Para Traverso, se trata de un conjunto de corrientes que aún no terminó de estabilizarse ideológicamente, de un flujo. «Lo que caracteriza al posfascismo es un régimen de historicidad específico –el comienzo del siglo XXI– que explica su contenido ideológico fluctuante, inestable, a menudo contradictorio, en el cual se mezclan filosofías políticas antinómicas.» La ventaja del término posfascismo es que escapa del de populismo, que –como sabemos– es muy problemático, está muy manoseado, incluso en la academia, y mezcla estilos políticos con proyectos programáticos hasta volverse una caja negra donde pueden caber desde Bernie Sanders hasta Marine Le Pen, pasando por Hugo Chávez y Viktor Orbán. Además, logra colocar el acento en la hostilidad de estos movimientos a una idea de ciudadanía independiente de pertenencias étnico-culturales. Sin embargo, un uso extendido de la categoría posfascismo presenta el problema de que no todas las extremas derechas tienen sus raíces en la matriz fascista; que las que las tienen, como apunta el propio Traverso, están emancipadas de ella y, quizás más importante, que el término fascista, incluso con el prefijo post, tiene una carga histórica demasiado fuerte y, al igual que ocurre con el de populismo, combina una intención descriptiva y heurística con su uso corriente como forma de descalificación en el debate político.
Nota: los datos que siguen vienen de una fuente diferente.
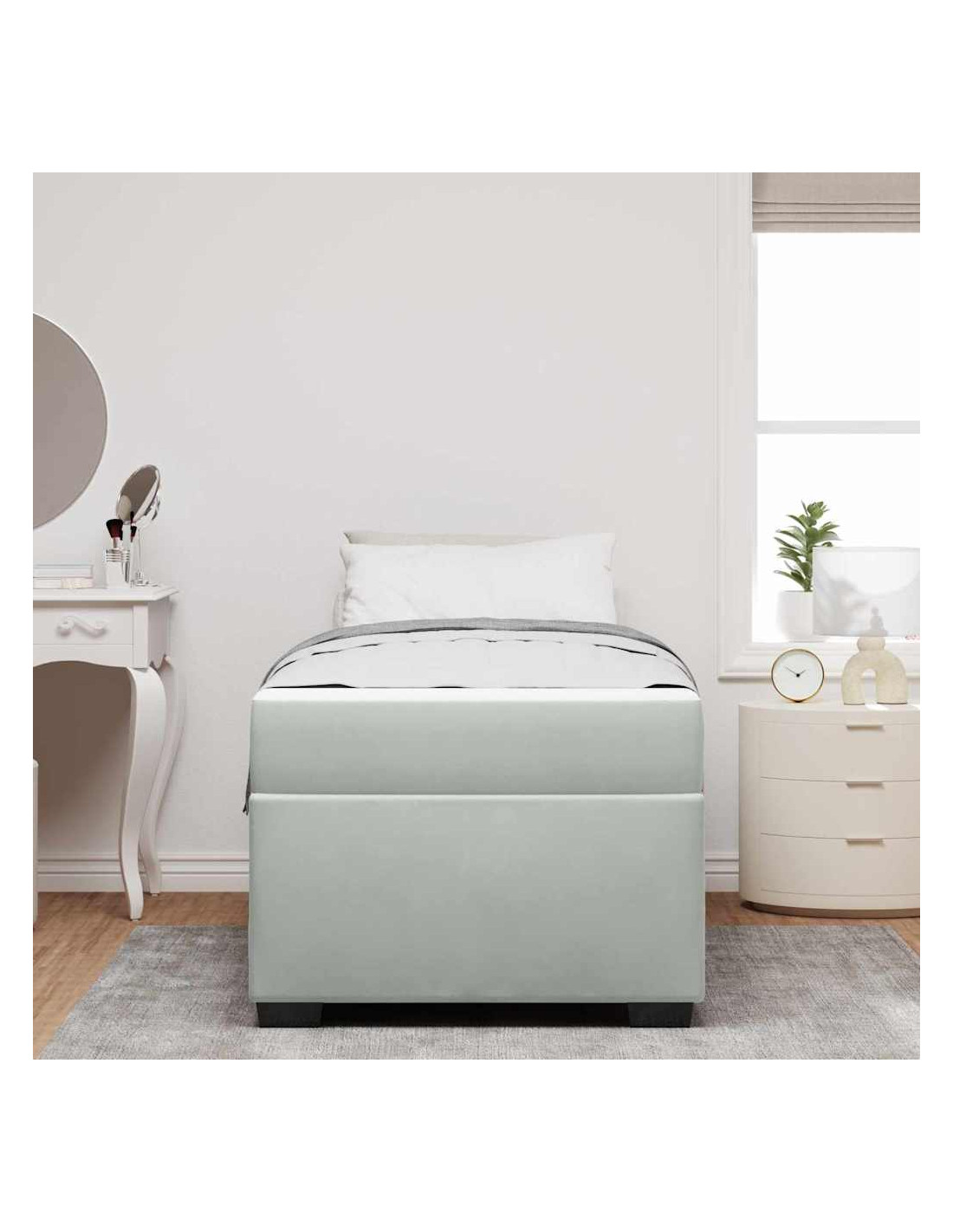 Questo letto in velluto con materasso è tutto sullo stile e il comfort, perfetto per chi cerca una soluzione elegante e funzionale. Con la sua forma rettangolare e il contrasto bianco e nero, è facile da abbinare a qualsiasi decorazione della camera da letto. Il design è semplice e le linee pulite creano un'atmosfera accogliente, ideale per notti di riposo e mattine pigre.

Jean-Yves Camus propone apelar controladamente al término populismo para denominar a estos movimientos «nacional-populistas» y dar cuenta de los esfuerzos por construir cierto tipo de «pueblo» contra las «elites», sobre todo las «globalistas». La desventaja del término es la que ya mencionamos para el populismo en general; su ventaja es que permite acentuar mejor la novedad del fenómeno y enmarcarlo en una reacción más amplia de inconformismo social a escala global. Es evidente que vivimos un momento de expansión de demandas insatisfechas, en términos de Ernesto Laclau y Chantal Mouffe, que debilitan la hegemonía dominante. Las nuevas derechas buscan terciar en esa batalla y organizar el sentido común en torno a su visión del mundo. Quizás valga la síntesis del historiador Steven Forti: estaríamos frente a una nueva extrema derecha o extrema derecha 2.0, que utiliza un lenguaje y un estilo populistas, se ha transformado sustituyendo la temática racial por la batalla cultural y ha adoptado unos rasgos provocadores y antisistema gracias a la capacidad de modular la propaganda a través de las nuevas tecnologías.
Quizás podríamos hablar de derechas radicales como se habla de izquierdas radicales (en Europa), como un concepto paraguas para quienes ponen en cuestión el consenso centrista organizado en torno a conservadores democráticos y socialdemócratas. No obstante, como señalamos en la introducción, lo importante, en un escenario gelatinoso que incluye a neoliberales autoritarios, social-identitarios y neofascistas, es saber en cada momento de qué estamos hablando. Es necesario matizar la percepción de que hoy «todo es más confuso». Es cierto que las «grandes ideas» –o los grandes relatos– ya no están disponibles como ayer y eso hace que se hayan perdido ciertas coordenadas y la brújula ya no siempre marque el norte. Pero eso no quita que la idea de que los ejes izquierda/derecha funcionaban de manera magnífica en el pasado es a menudo pura mitología.
¿La rebeldía se volvió de derecha?, de Pablo Stefanoni. Siglo Veintiuno Editores, 2021.